### Task:
The lines from the top of the material below through the line containing "8009 Deri Görünümlü Piliseli Etek - Fuşya" are to be printed exactly, with pictures omitted.

### The data:

=-=-=-=-=

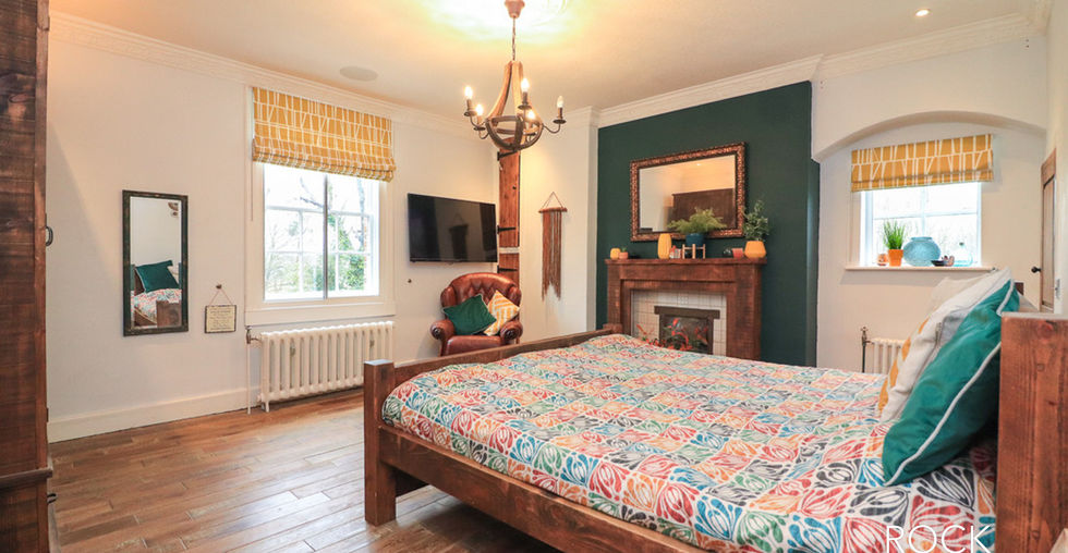 BEDROOM SIX 16' 0" x 15' 0" (4.89m x 4.59m) Having a feature cast fireplace, secondary glazed sash window to the front, secondary glazed window overlooking the garden, ceiling downlighters, air conditioning, column radiator.
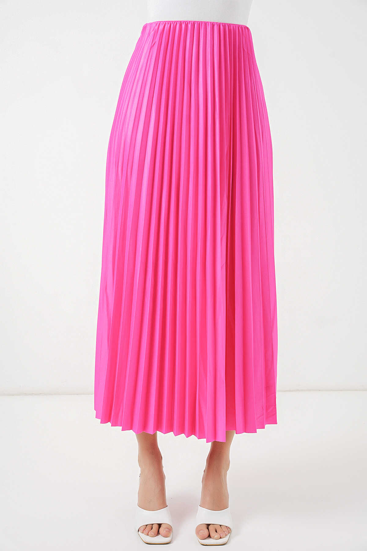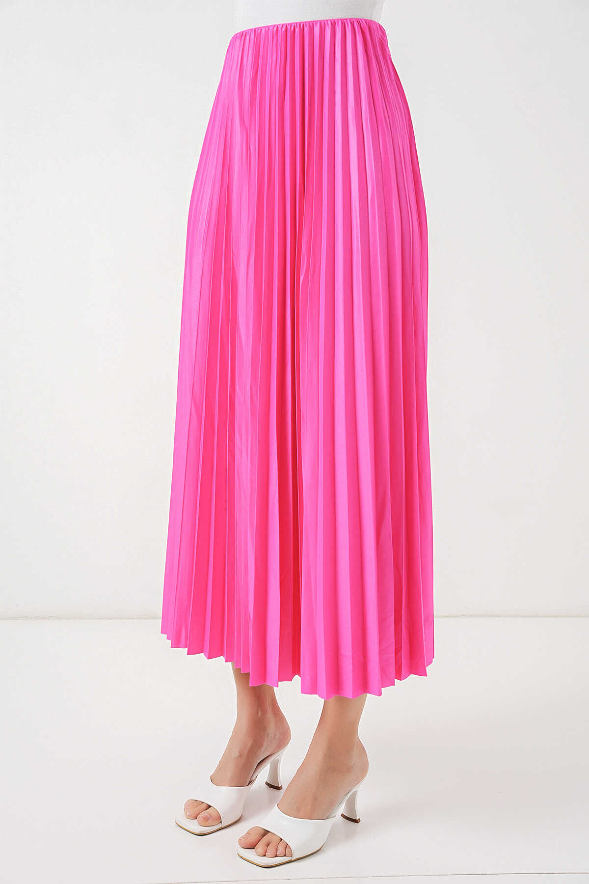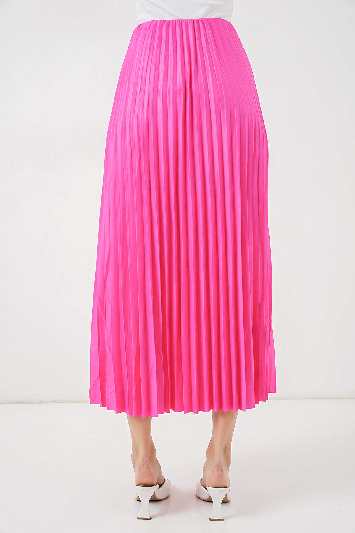8009 Deri Görünümlü Piliseli Etek - Fuşya
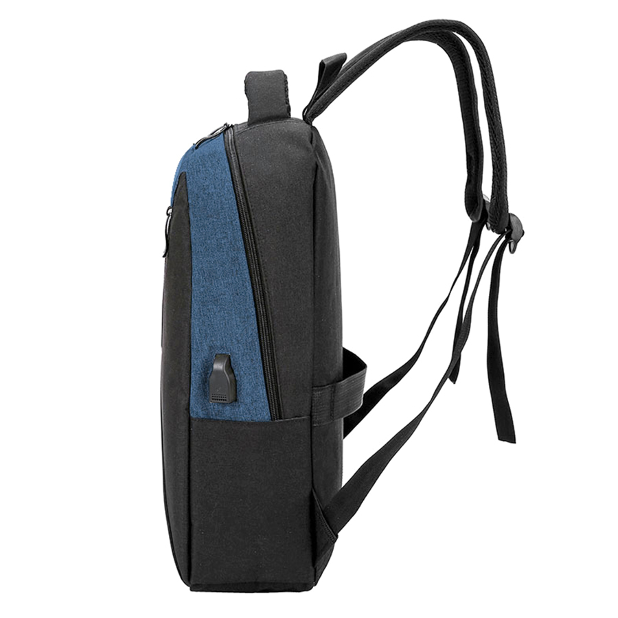 На передней стенке большой диагональный карман на молнии с открытым карманом внутри. Сбоку два открытых кармана и USB-разъем с проводом для подключения внешнего аккумулятора.

=-=-=-=-=

### Task response:
 BEDROOM SIX 16' 0" x 15' 0" (4.89m x 4.59m) Having a feature cast fireplace, secondary glazed sash window to the front, secondary glazed window overlooking the garden, ceiling downlighters, air conditioning, column radiator.
8009 Deri Görünümlü Piliseli Etek - Fuşya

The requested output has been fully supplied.